Colder temperatures are the catalyst for the move higher. In order for February natural gas to generate a short-term buy signal, the low the day must be above OIA’s key pivot point for January 14 of 3.493. February natural gas remains on a short and intermediate term sell signal. Stand aside.

Gold: On January 13, February gold generated an intermediate term buy signal after generating a short-term buy signal on December 11.

February gold advanced $1.60 on heavy volume of 209,305 contracts. Total open interest increased by 2,583 contracts, which relative to volume is approximately 45% less than average. However, the February contract accounted for loss of 5,832 of open interest, which makes the total open interest increase more impressive (bullish).

As this report is being compiled on January 14, February gold is trading $3.40 higher and has made a daily high of 1244.60, which is 10 cents above yesterday’s high.Considering the strength in the dollar, weakness in crude oil and weak equities, the gold market is performing admirably. Gold should be traded from the long side only.

Silver: On January 13, March silver generated a short-term buy signal, but remains on an intermediate term sell signal.

March silver advanced 59.2 cents on heavy volume of 70,528 contracts. Volume was the strongest since December 16 when March silver lost 81.1 cents on volume of 81,502 contracts and total open interest increased by 235 contracts. On December 16, March silver closed at 15.752.

On January 13, total open interest increased by a positive 1,299 contracts, which relative to volume is approximately 25% less than average, but the total open interest increase accompanied by significantly higher volume is the most positive day in silver for many months.

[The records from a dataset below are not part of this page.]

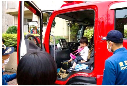
消防車に乗れたよ
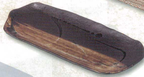
248-402-251 2,000円 流木長角皿 大 (35.8×16.3×2) 814810325
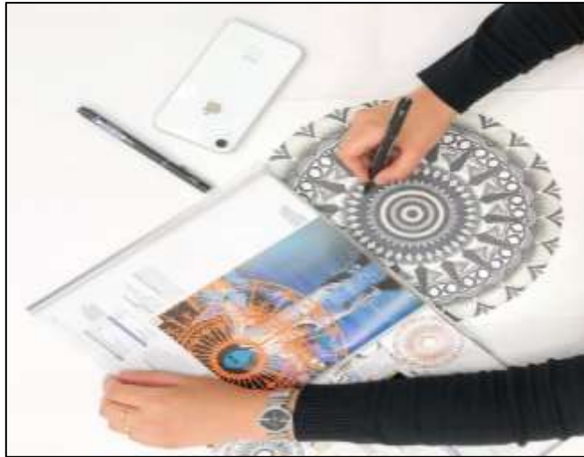
صورة رقم (1) توضح لمستوى الأول في رسم الماندالا .
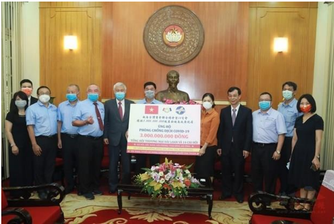
◎越南台灣商會聯合總會暨 14 個地方商會於捐贈約 13 萬美金協助防疫
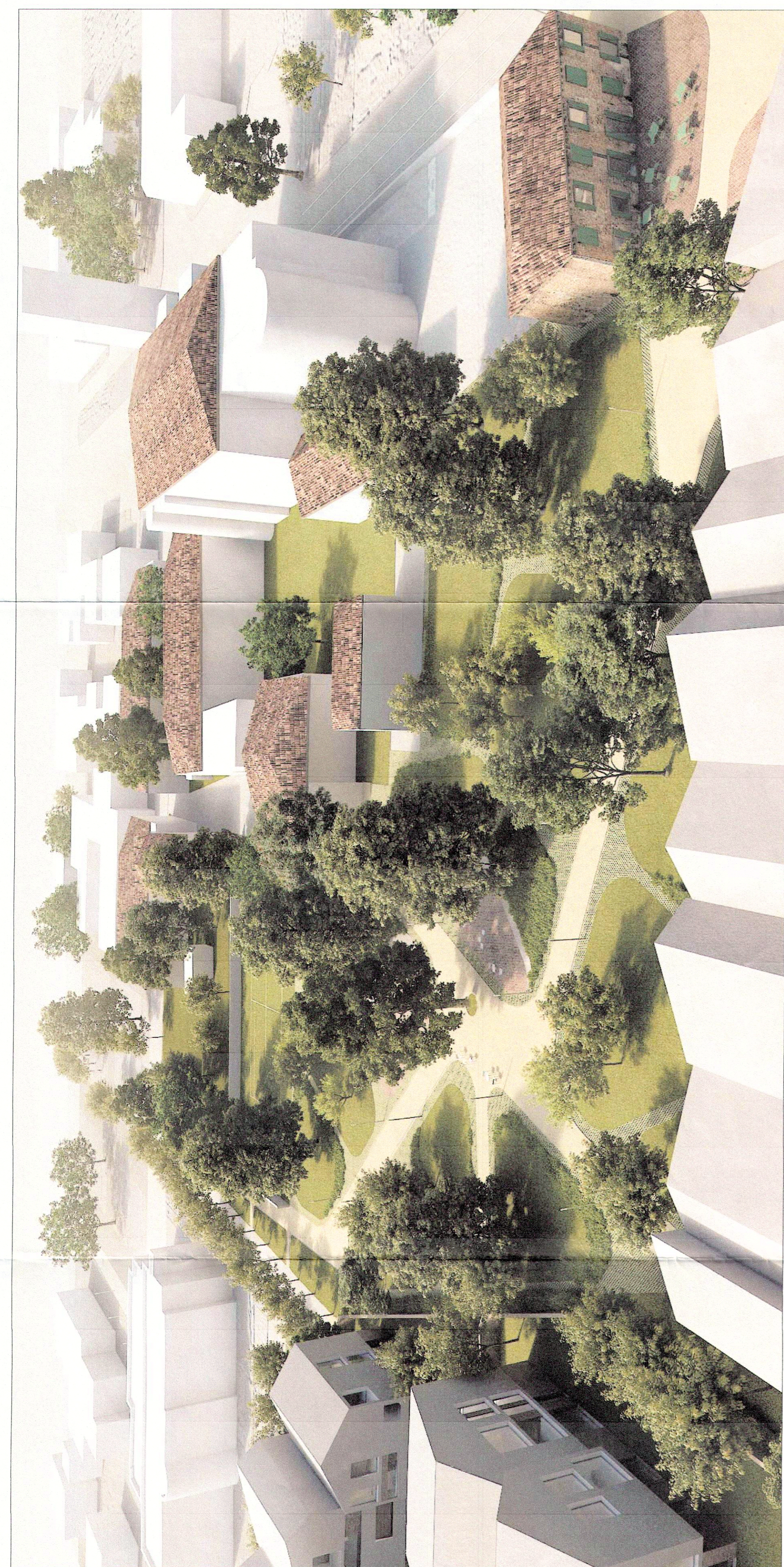
VISTA 02 - vista aerea con fabbricati indicativi

As this report is being compiled on January 14, March silver is trading 17.1 cents lower and has made a daily low of 16.560, which is a fraction below yesterday’s low of 16.570. For anyone looking to initiate bullish positions, we recommend the use of options due to silver’s volatility. We think higher prices are in store.

Cocoa:

March cocoa lost $3.00 on volume of 24,918 contracts. Total open interest increased by a massive 4,509 contracts, which relative to volume is approximately 470% above average meaning a battle ensued between buyers and sellers and neither side was able to move the market much by the close. The March contract accounted for loss of 236 of open interest.

As we have said in previous reports, we need to see cocoa generate an intermediate term buy signal before we can get enthusiastically bullish on the commodity. Consistently, cocoa has failed to do this, and in our estimation is a potential danger sign to anyone long the market. In order for March cocoa to generate an intermediate term buy signal, the low the day must be above OIA’s key pivot point for January 14 of 2991. Stand aside.

Coffee:

March coffee advanced 20 ticks on heavy volume of 33,297 contracts. Volume fell from January 12 when March coffee lost 3.30 cents on volume of 39,390 contracts and total open interest declined by 847 contracts. On January 13, total open interest increased by 908 contracts, which relative to volume is average. The March contract accounted for loss of 1,483 of open interest, which makes the total open interest increase (constructive).

As this report is being compiled on January 14, March coffee has closed 1.7985, up 2.90 cents. On January 9, March coffee generated a short-term buy signal, but remains on an intermediate term sell signal. Setbacks are buying opportunities. We recommend the use of options due to the volatility of the market.